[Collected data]

——————————

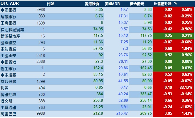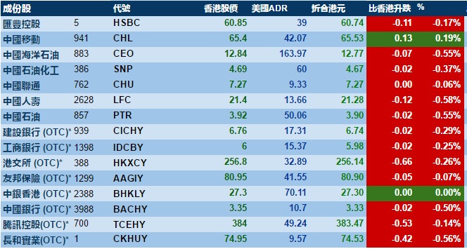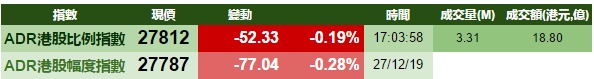 智通财经APP获悉,周五美股窄幅上落,港股ADR指数全日偏软,按比例计算,收报27812点,跌0.19%。
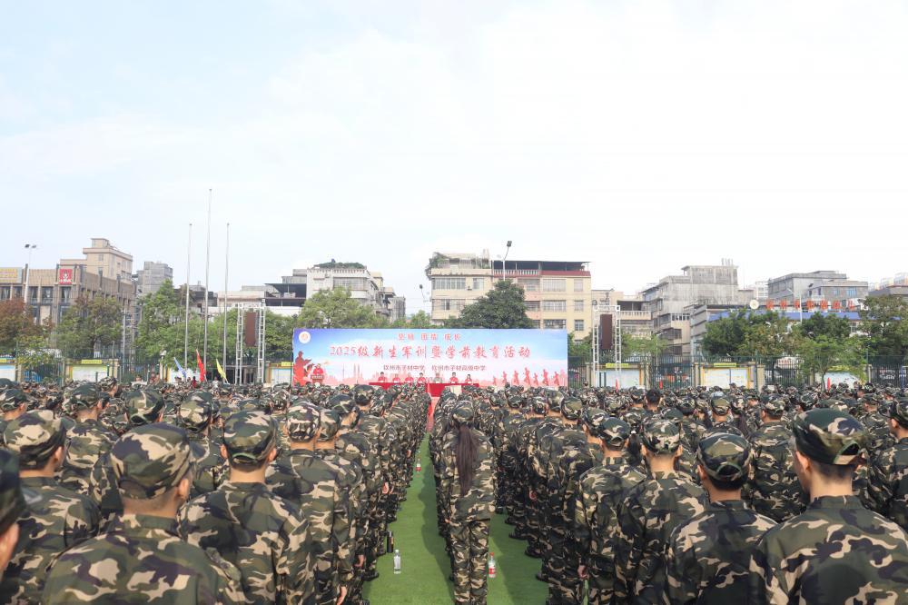 金秋送爽,丹桂飘香。8月22日上午,钦州市子材高级中学2025级新生军训动员大会在学校隆重举行。学校领导、承训教官团队、高一全体班主任及新生共同参加了本次大会。2025级新生通过军训磨练了意志、增强了体魄、收获了友谊,以铿锵步伐踏上新征程,以青春汗水书写荣光!
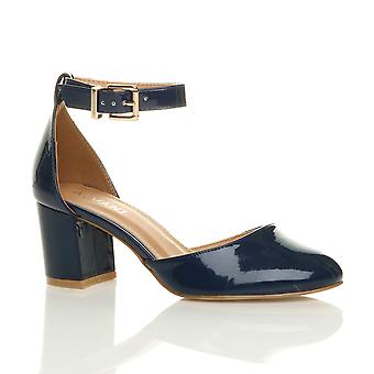 Ajvani womens low mid block heel ankle strap mary jane court shoes sandals
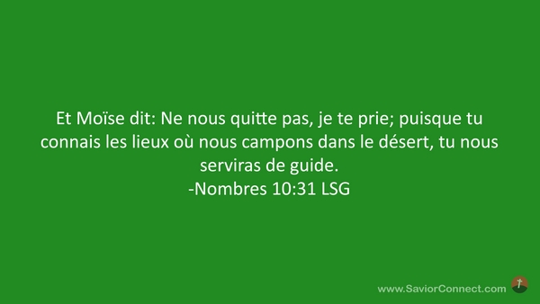 Et Moïse dit: Ne nous quitte pas, je te prie; puisque tu connais les lieux où nous campons dans le désert, tu nous serviras de guide. -Nombres 10:31 LSG
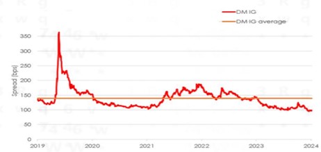 Kami juga menyoroti bahwa tingkat spread IG DM juga berada pada level ketat historis, yang menyediakan penyangga terbatas terhadap suku bunga yang lebih tinggi (lihat Lampiran 4).
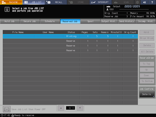 supplementary explanationDuring interrupt copying, the interrupt job is displayed at the top of the Reserved Job list in the JOB LIST screen.
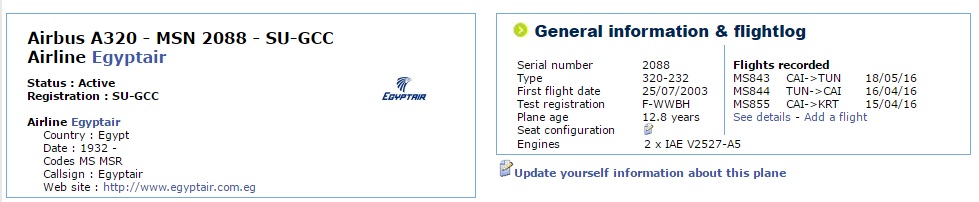 Пассажирский самолет А-320 SU-GCC авиакомпании Egyptair, рейс MS 804, следовавший из Парижа в Каир, пропал над Средиземным морем.
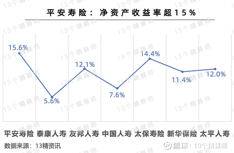 二是,平安寿险的净资产收益率高达15.55%,在头部寿险公司中最高,如上图所示。
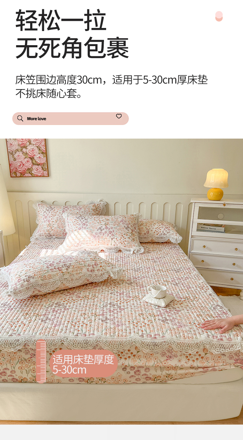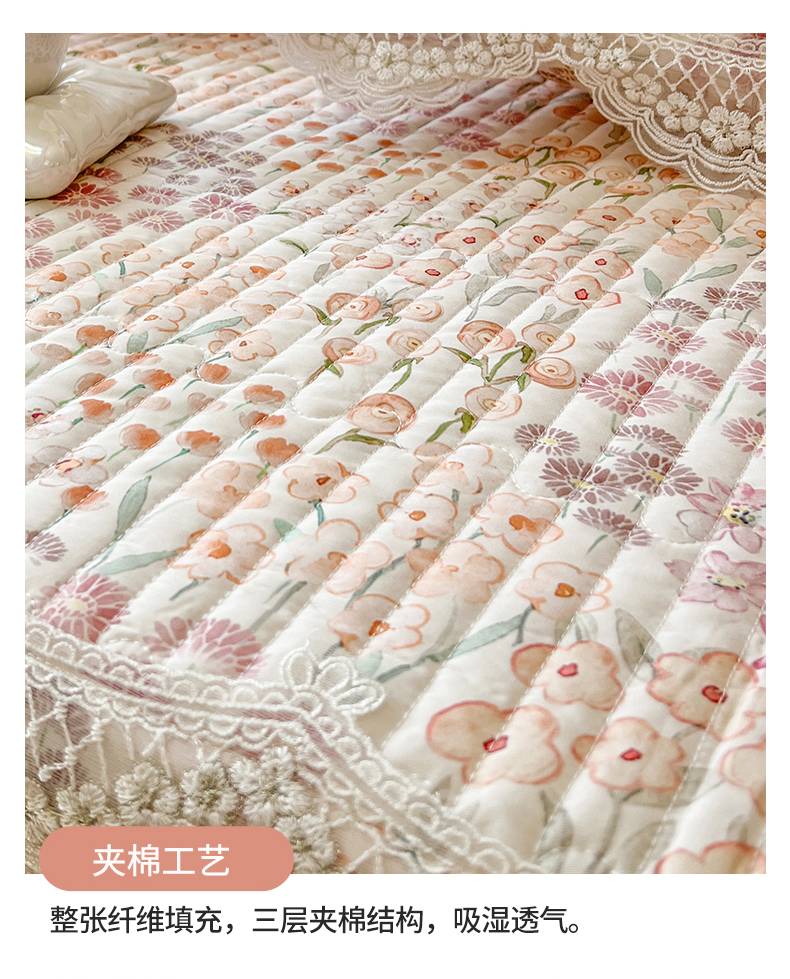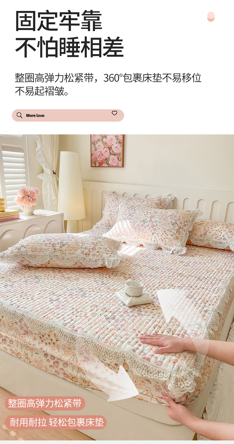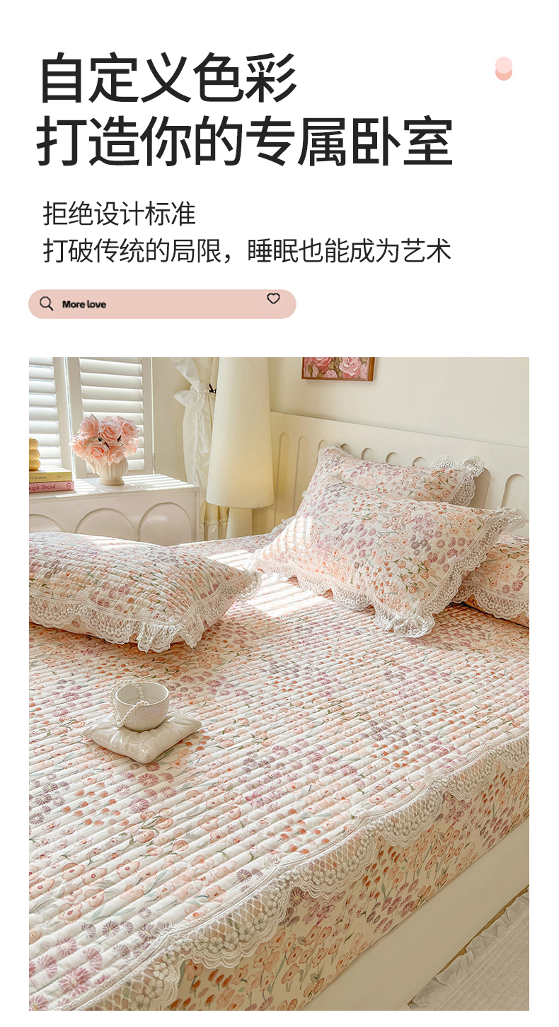(总)网红馆(ck家纺) 2026新款全棉蕾丝花边床裙款床笠晨暮花间系列,绯红,粉色,麦绿,米色,浅紫,雾蓝
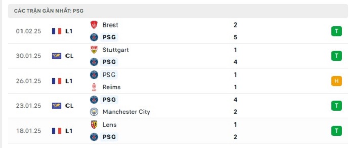 - Phong độ Paris Saint-Germain
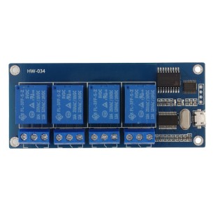 Przemysłowy moduł z 4 przekaźnikami o obciążeniu do 10 A. Wykorzystuje protokół Modbus RTU i interfejs komunikacyjny RS485 lub RS232. DFRobot FIT0827
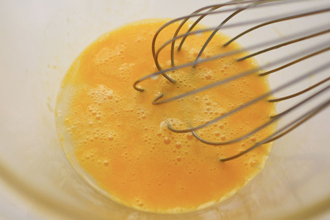 2./卵を割りほぐし、甘酒、薄力粉をよく混ぜる。
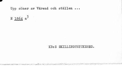 //// Upp söner av Värend och ställen ... //// I //// E 1864 a5 //// mmmmmmmmmém //// KB:S SKILLINGTRYCKSREG. ////
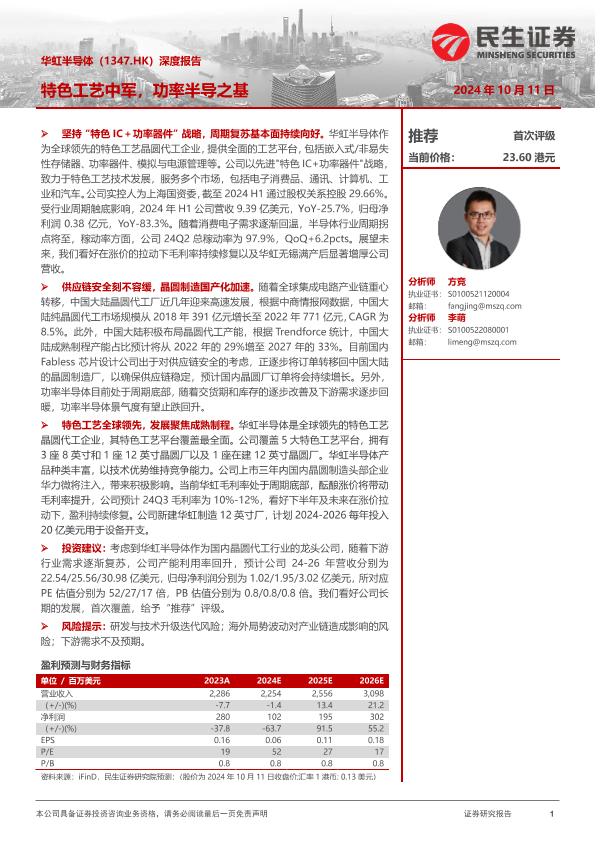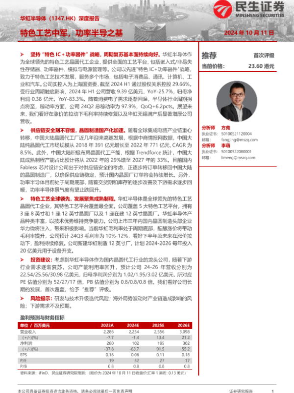 【民生证券】【20241011】华虹半导体(01347.HK)深度报告:特色工艺中军,功率半导之基-31页
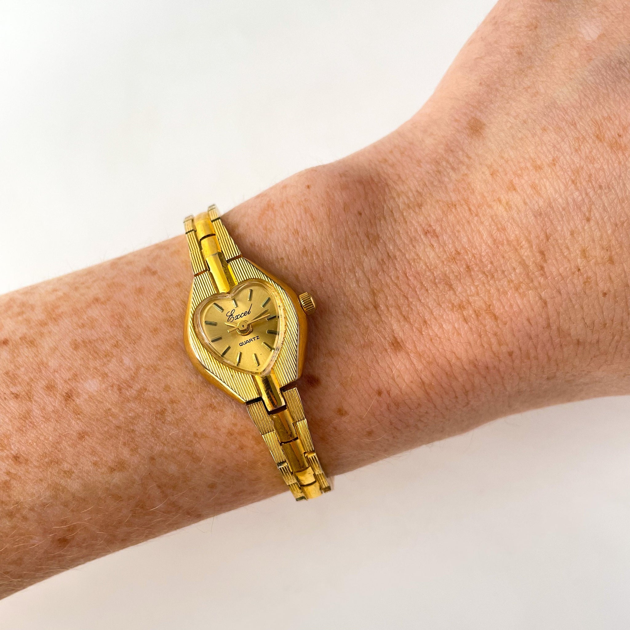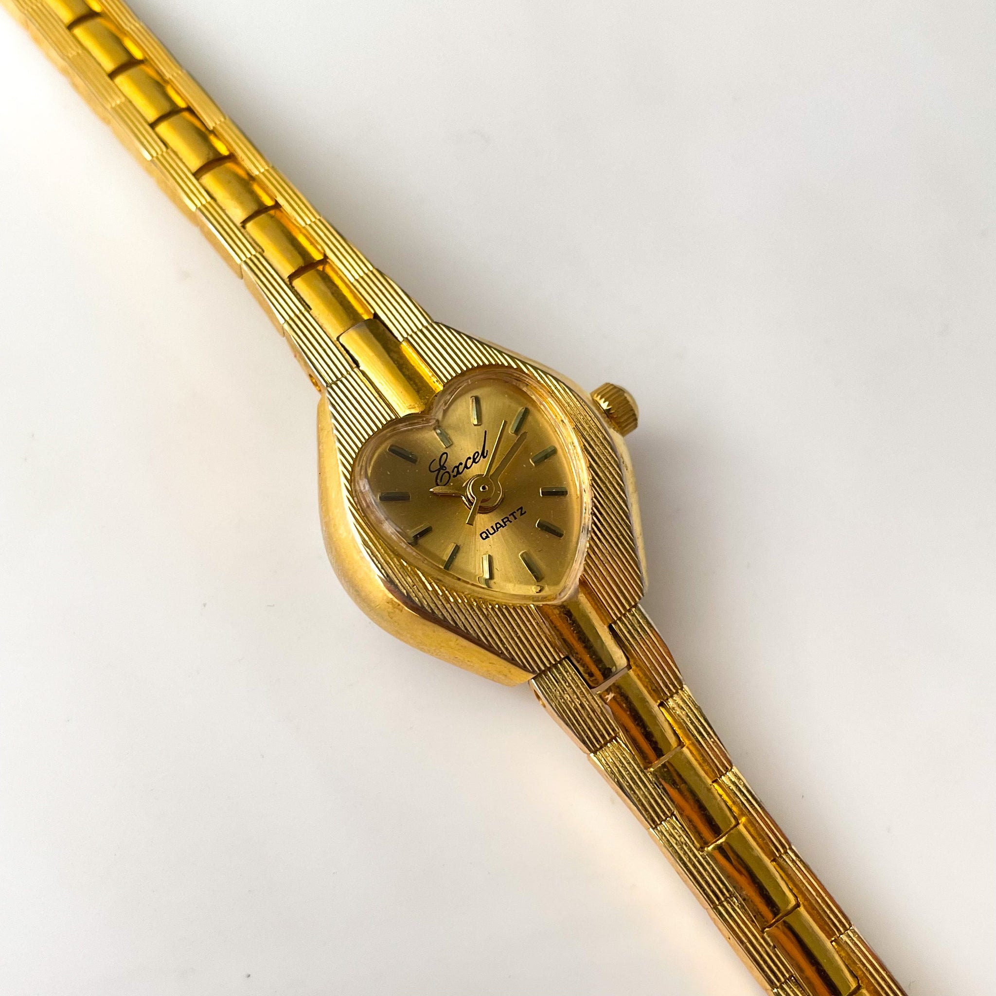 Vintage Ladies' Excel gold-plated watch, with lovely heart-shaped dial and jewellery clasp.
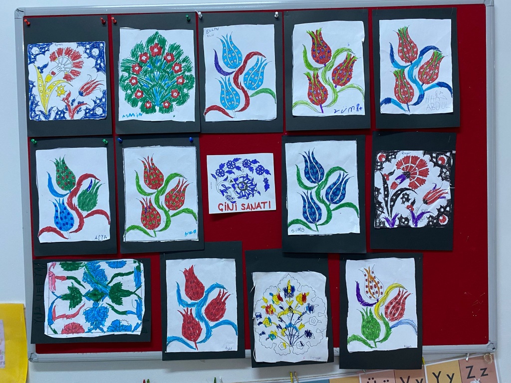 Anasınıfı D şubesi; Dilimizin Zenginlikleri projesi kapsamında şubat ayı konusu olan kültürel ögelerimizden “Çini” sanatını öğrendik. Seçtikleri çini motiflerini küçük çini ustaları diledikleri gibi boyadı.

——————————

Repeat each line of the records exactly. Do not include the pictures.

__SOLVED PROBLEM__
 智通财经APP获悉,周五美股窄幅上落,港股ADR指数全日偏软,按比例计算,收报27812点,跌0.19%。
 金秋送爽,丹桂飘香。8月22日上午,钦州市子材高级中学2025级新生军训动员大会在学校隆重举行。学校领导、承训教官团队、高一全体班主任及新生共同参加了本次大会。2025级新生通过军训磨练了意志、增强了体魄、收获了友谊,以铿锵步伐踏上新征程,以青春汗水书写荣光!
 Ajvani womens low mid block heel ankle strap mary jane court shoes sandals
 Et Moïse dit: Ne nous quitte pas, je te prie; puisque tu connais les lieux où nous campons dans le désert, tu nous serviras de guide. -Nombres 10:31 LSG
 Kami juga menyoroti bahwa tingkat spread IG DM juga berada pada level ketat historis, yang menyediakan penyangga terbatas terhadap suku bunga yang lebih tinggi (lihat Lampiran 4).
 supplementary explanationDuring interrupt copying, the interrupt job is displayed at the top of the Reserved Job list in the JOB LIST screen.
 Пассажирский самолет А-320 SU-GCC авиакомпании Egyptair, рейс MS 804, следовавший из Парижа в Каир, пропал над Средиземным морем.
 二是,平安寿险的净资产收益率高达15.55%,在头部寿险公司中最高,如上图所示。
(总)网红馆(ck家纺) 2026新款全棉蕾丝花边床裙款床笠晨暮花间系列,绯红,粉色,麦绿,米色,浅紫,雾蓝
 - Phong độ Paris Saint-Germain
 Przemysłowy moduł z 4 przekaźnikami o obciążeniu do 10 A. Wykorzystuje protokół Modbus RTU i interfejs komunikacyjny RS485 lub RS232. DFRobot FIT0827
 2./卵を割りほぐし、甘酒、薄力粉をよく混ぜる。
 //// Upp söner av Värend och ställen ... //// I //// E 1864 a5 //// mmmmmmmmmém //// KB:S SKILLINGTRYCKSREG. ////
 【民生证券】【20241011】华虹半导体(01347.HK)深度报告:特色工艺中军,功率半导之基-31页
 Vintage Ladies' Excel gold-plated watch, with lovely heart-shaped dial and jewellery clasp.
 Anasınıfı D şubesi; Dilimizin Zenginlikleri projesi kapsamında şubat ayı konusu olan kültürel ögelerimizden “Çini” sanatını öğrendik. Seçtikleri çini motiflerini küçük çini ustaları diledikleri gibi boyadı.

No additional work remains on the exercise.